Clara looked up from her book, glancing speculatively at the Doctor.

"What is it?" he asked fondly, not raising his eyes from his own reading material.

"I was wondering," she began slowly, "what it was like to know more than one of me? Wow. That sounds so strange when I say it out loud."

"I didn't get to know all of you," he replied quietly. "I wish I did."

"But the ones you did know? Were they all me? Or, well…I don't know…"

"They weren't all carbon copies of you," the Doctor clarified. "There were many similarities, of course. All the Clara's I met were funny, and brave, and clever, but each a little different. As if I had met your sisters, I suppose is the clearest way of expressing it. What's brought this on?"

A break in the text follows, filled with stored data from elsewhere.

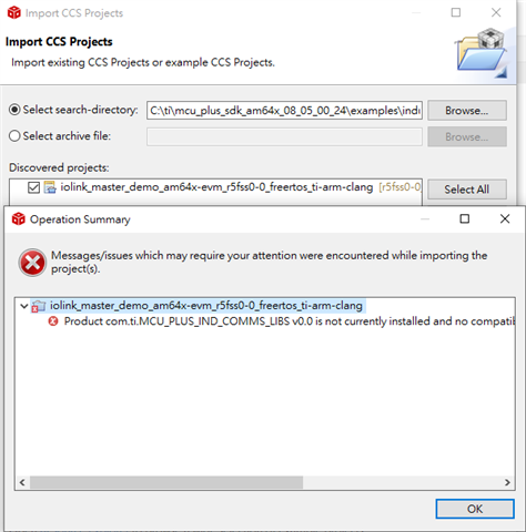 After installing CCS v12 and the following tools, import CCS Porject has the following error. Do you have any suggestions to solve this problem?
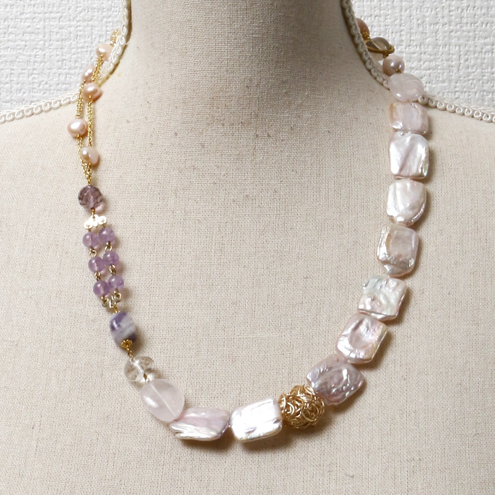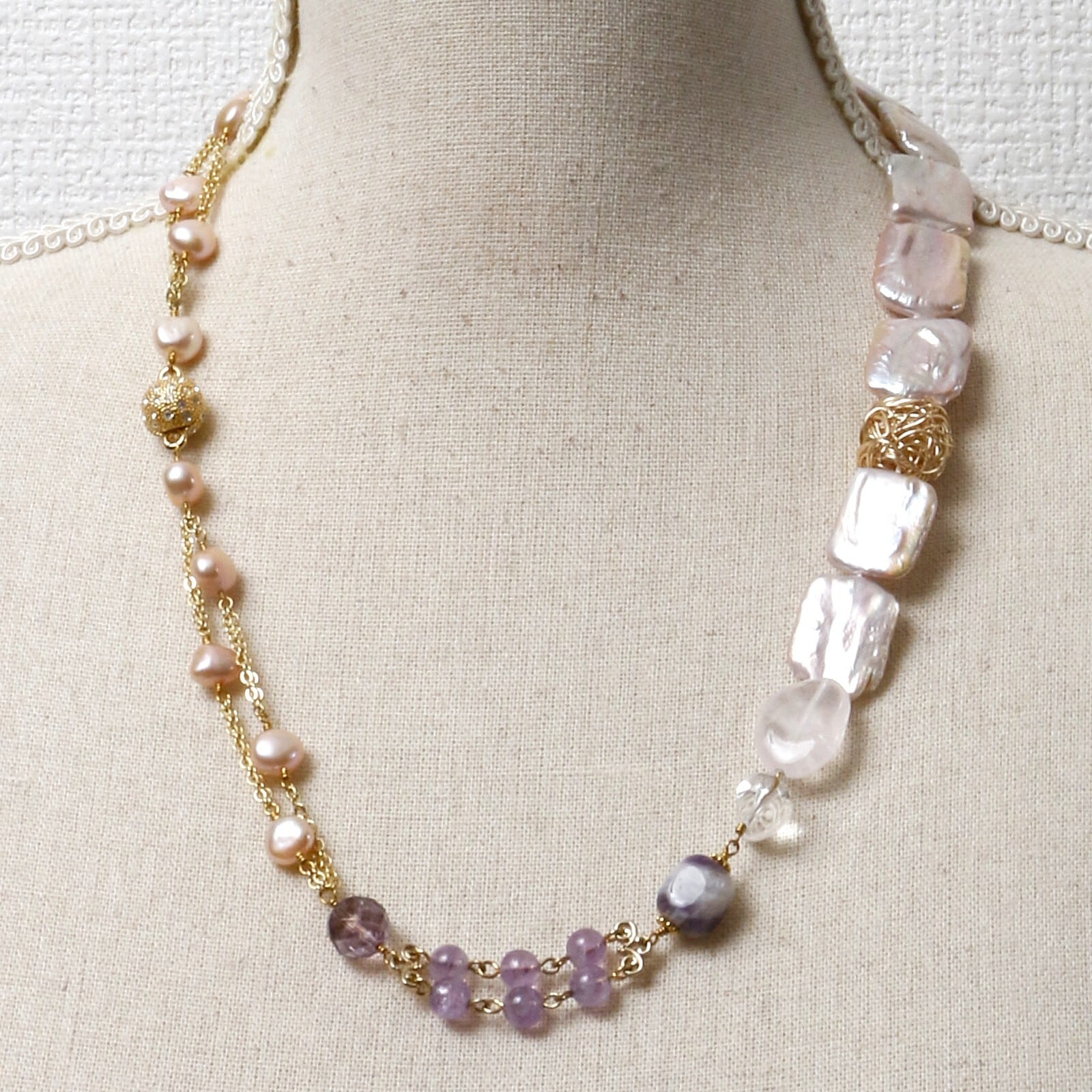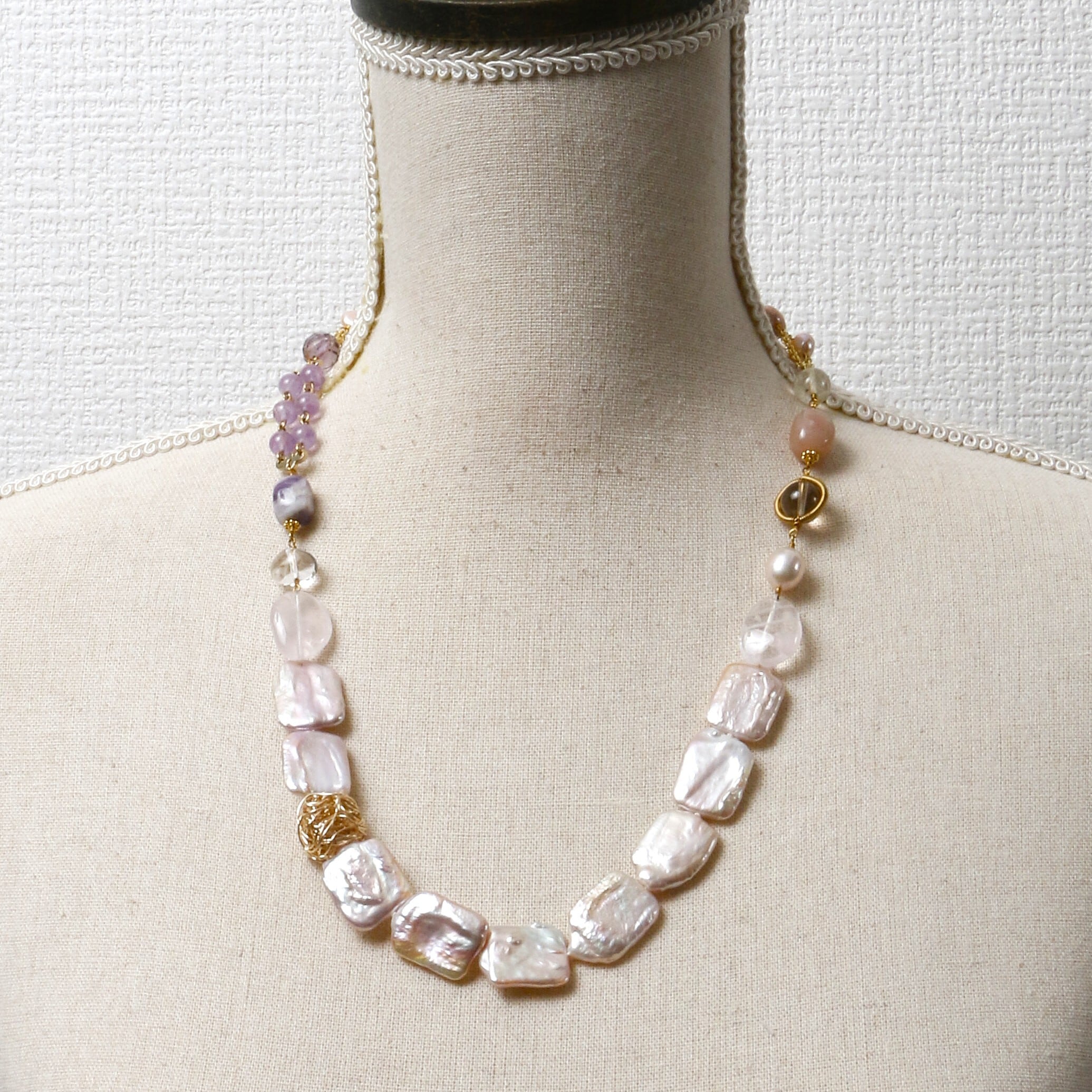 淡水パール、アメジスト、オレンジムーンストーン、ローズクオーツ、水晶、スモーキークォーツ、シトリン、
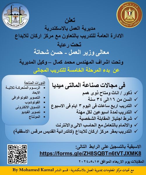 أعلنت مديرية العمل بمحافظة الإسكندرية، عن بدء تلقي طلبات الترشيح للتدريب على "تنمية القدرات الإلكترونية" بالتعاون مع مركز أركان للإبداع، بهدف إعداد الشباب وإصقالهم بالمهارات اللازمة للالتحاق بالعمل في مجالات شبكات التسويق الإلكتروني، وصناعة Multimedia، من أجل تعزيز ثقافة العمل الحر وريادة الاعمال، فضلًا عن إكسابهم مهارات متطورة يحتاجها سوق العمل من خلال حثهم على الابتكار والإبداع، ويشمل البرنامج التدريبي التدريب على الدورات التالية: الرسوم المتحركة ثلاثية الأبعاد، والمونتاج، الفوتوشوب، والتصوير الفوتوغرافي، وتصوير الفيديو، والتسويق الإلكتروني، ويكون التدريب للشباب من الجنسين، لمن هم في سن 16 وحتى 34 سنة، بشرط الإلمام بأساسيات الحاسب الآلي، والإنترنت، واجتياز المقابلة الشخصية، ومدة التدريب أسبوعين كاملين، بمعدل 12 ساعة تدريبية على مدار 3 أيام فى الأسبوع، تحت إشراف الإدارة المركزية للتدريب المهنى بوزارة العمل، ضمن رؤية الوزارة في أهمية التعاون مع مؤسسات المجتمع المدني لدورها المهم في خدمة المجتمع ونشر ثقافة العمل الحر وريادة الأعمال من أجل النهوض بالدولة المصرية.
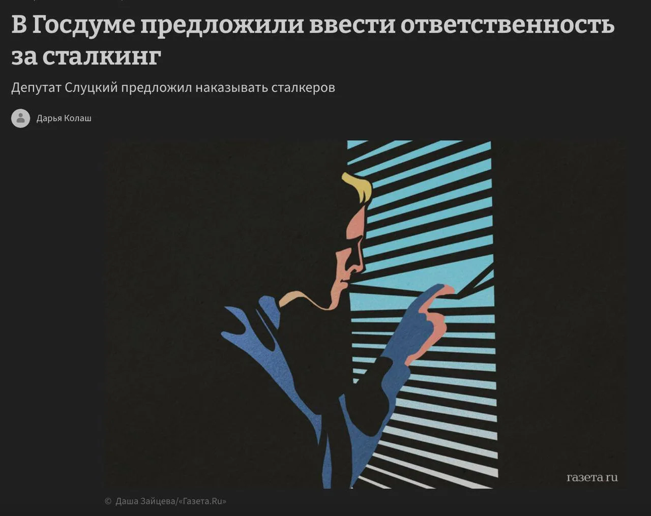 Автор инициативы отметил, что преследованием часто занимаются не посторонние, а бывшие партнёры или знакомые. Законодательной базы для наказания таких действий пока нет — это планируют исправить.
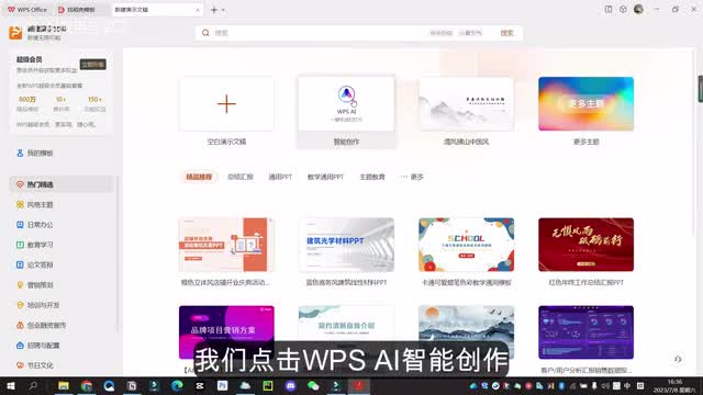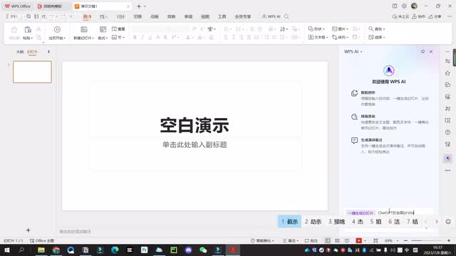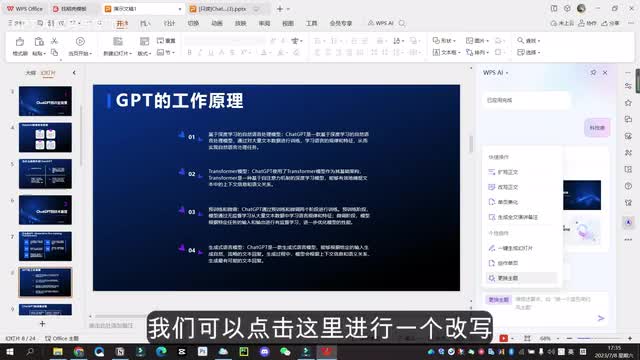 包括啊利用chat g p t来生成大纲,以及啊利用w p s a i来编辑和生成内容。请大家跟着我一起学习,一步一步啊实现我们高校工作的一个梦想。那我们首先呢先来打开我们的一个w p s a i,我们点击新建,然后新建一个p p t,我们点击w p s a i智能创作。那大家可以看到右侧的这个对话框呢,就是我们w p s a i的一个对话窗口了。我们在这里可以点击一下,我们可以看到它可以对我们的全文进行扩写和改写,可以对单页的p p t进行美化,还有啊这个一键生成演讲备注,还有一键呢生成幻灯片,同时呢可以对单页进行一个创作,还有更换主题。
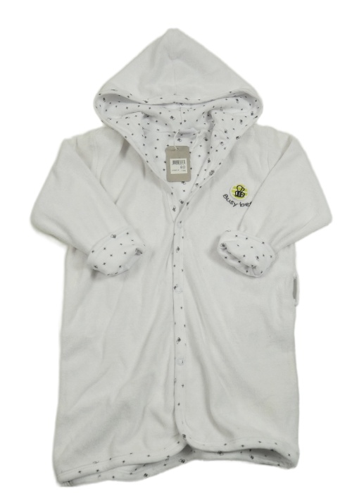 Nové - biely froté podšitý župan s nášivkou a kapucňou
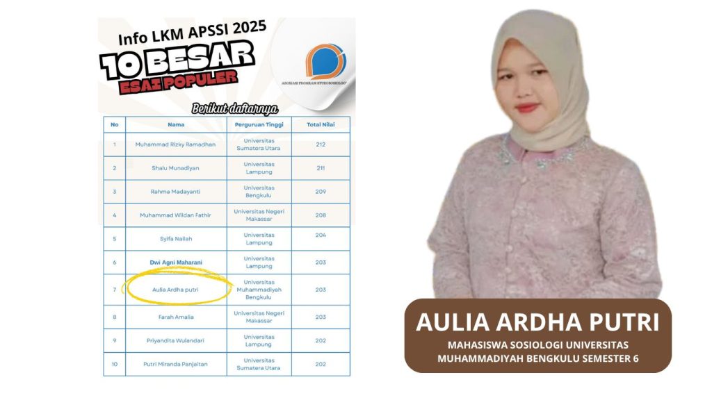 Kabar membanggakan datang dari Program Studi Sosiologi, Fakultas Ilmu Sosial dan Ilmu Politik, Universitas Muhammadiyah Bengkulu. Salah satu mahasiswinya, Aulia Ardha Putri, berhasil masuk dalam 10 besar nasional lomba esai populer yang diselenggarakan oleh Asosiasi Program Studi Sosiologi Indonesia (APSSI) pada ajang Lomba Karya Mahasiswa APSSI 2025.
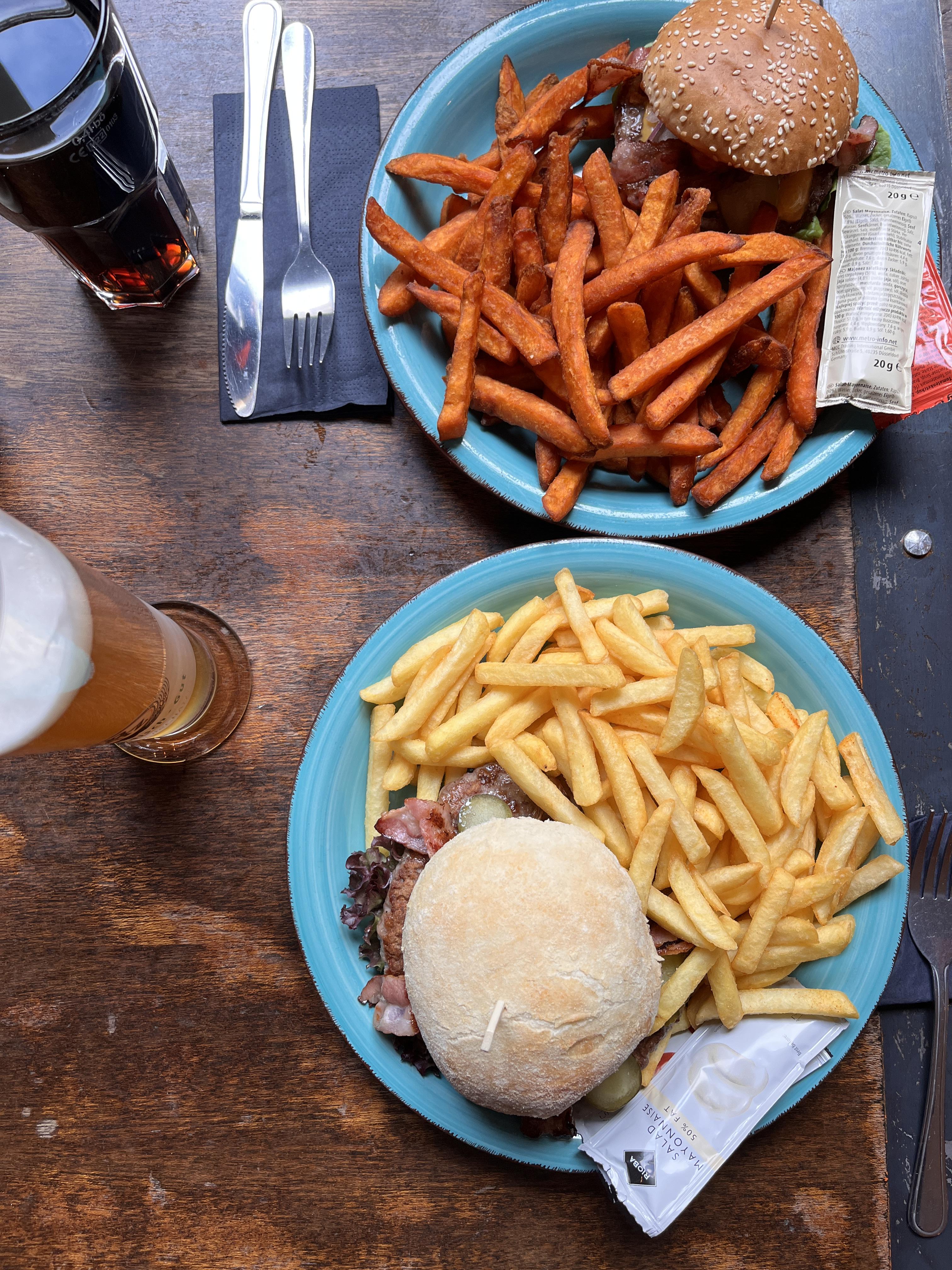 학교에서 볼일 보고서 밥 먹으로 어디갈까~ 하다가 시내에 버거집! 와아 여기 맛집이었음 ㅋ ㅋ ㅋ 드뎌 맥주도 하나 마셔주구. 아니 버거도 버건데 감튀도 감튄데 고구마 튀김 저자식이 진짜 미친놈이었음요 ㅎㅏ.. 추가 요금 내고 먹을 맛 맞아요 진짜 인생 고구마 튀김임 지금 쓰면서도 꼴깍.. 그리고 옆은 남자화장실인데 ㅋ ㅋ 맥주 스테인리스 케그 으로 만들어놓은 소변기. 독일 와서 만나니까 더 웃기잖어ㅋ

"I just wondered what it seemed like to you. Did you know that all of me had jobs taking care of people in some way or another?"

The Doctor put down his book and moved to sit beside Clara. "That makes sense, I suppose. You are a very caring person," he told her, smiling affectionately. "Some things just seem to be part of your fundamental structure."

"Some things," she repeated quietly, looking down at the book in her lap.

"Hey, what is it?" he asked, gently tipping her face up.

"Did you know that all of me lost my mum?"

"Oh, Clara," he sighed, pulling her in close.

"I kept hoping, you know? I just thought that maybe one of me would get to keep her, but…I guess the universe doesn't work that way."

"No, I'm so sorry, but no, it doesn't." He had found, in a thousand years of existence, that the universe occasionally did manage to find a way to balance things out, but sometimes it took time, years, generations, centuries even. To Clara, the loss of her mum was still too raw of a wound to take the long view of things, and so he just held her tightly as she wept out her grief at the injustice of it all.


A universe apart…

"Really, Pete? A nanny? Whatever are you thinking?" Jackie scolded. "I managed to raise Rose all right on my own, didn't I?"

"Yes, you did," Pete replied soothingly, "but the thing is, Jax, this time you don't have to. Look, we're both a bit older this time around, why not let someone else do some of the work? And besides…"

Jackie crossed her arms and sighed, raising an eyebrow. "Besides, what?"

"Look, this girl…she's all alone in the world. I think, maybe we can do her some good, all right?"

"Daft, you are," Jackie laughed, giving in.

"All right, then," Pete stepped to the doorway. "Come on in and meet my wife," he invited, ushering the pretty, dark-haired girl into the room. "Jackie, this is Clara."